We should still try to solve this with trial division, at least to have the baseline for all the other algorithms:

isPrime n 
    | n == 2             = True
    | n < 2 || even n    = False
    | otherwise          = not (any (\\i -> n `mod` i == 0) [3..n-1])

trialAndDivision limit = [n | n <- [2..limit], isPrime n]

This primality test is very basic (it’s the one I used for problem 3) and the amount of optimizations is very low - I never try division by 2 and even numbers return false immediatelly.

So, so how will these tests be done?

I’m running this on my laptop (a 2,66 GHz Intel Core i7 Macbook Pro from 2010, with 8 gigs of RAM) and apart from the command line only Firefox and emacs are running.

All test cases are compiled with -O2 and they never print anything to the screen except for the size of the generated primes list. The app is always something like:

import Problem007

main = print . length $    trialAndDivision 1000

So, back to the unoptimized version:

25 seconds for primes up to 100000 is already way too much but there’s a couple small optimizations we can do: instead of testing for <2 and for even inside isPrime (which happens for all numbers out of the list compprehension) we can make the lazy list go only over odd numbers:

isPrime2 n 
     | n == 2         = True
     | otherwise      = not (any (\\i -> n `mod` i == 0) [3..n-1])

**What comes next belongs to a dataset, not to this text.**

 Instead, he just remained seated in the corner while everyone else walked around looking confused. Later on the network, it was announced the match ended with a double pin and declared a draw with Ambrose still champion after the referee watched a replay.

trialAndDivision2 limit = 2:3:5:[n | n <- [7,9..limit], isPrime2 n]

And now:

So there is a difference indeed – it now takes us 1 second more! So, let’s leave trial and division behind and let’s go over to the Sieves.

Eratosthenes

Ok, so here’s my first implementation of the Sieve of Eratosthenes:

eratosthenes1 limit = eSieve1 [2..limit] []

eSieve1 [] primes = primes
eSieve1 (x:xs) primes = eSieve1
            ([y | y <- xs, not (y `isMultiple` x)])
            (primes++[x])

isMultiple n = \\x -> elem n [x,x+x..n]

The first implementation was very naive, and only meant to see how long would a typical calculation take. It also was direct copy of what the definition on wikipedia says:

"…enumerate its multiples by counting to n in increments of p, and mark them in the list…" So, even though this enumeration is just a test for a number being a multiple of another, I went with an implementation which really created a list with all those multiples.

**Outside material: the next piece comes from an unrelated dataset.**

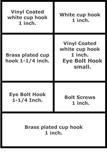 - Set contains: vinyl coated cup hook, brass plated cup hook, white cup hook, zinc coating eye bolt hook and bolt screws.

So, one could say that the sieves aren’t really living up to their promises right? But no, it’s just my implementation that sucks really.

Let’s start with optimizations. It is obvious that the function isMultiple is not really needed - instead I can simply verify that the remainder of the division is 0 and if so, the number is a multiple. Even though this requires doing multiple divisions, it’s easy to see that the amount of operations will be largelly inferior to the first implementation.

erastothenes2 limit = eSieve2 [2..limit] []

eSieve2 [] primes = primes
eSieve2 (x:xs) primes = eSieve2
            ([y | y <- xs, y `mod` x /= 0])
            (primes++[x])

Now that is a lot better, and more than twice as fast than trial and division for the same number, and mainly by avoiding the creation of so many lists. So let’s try to beat that then and do some final improvements:

So let’s give it another try:

erastothenes3 limit = eSieve3 [3,5..limit] [2]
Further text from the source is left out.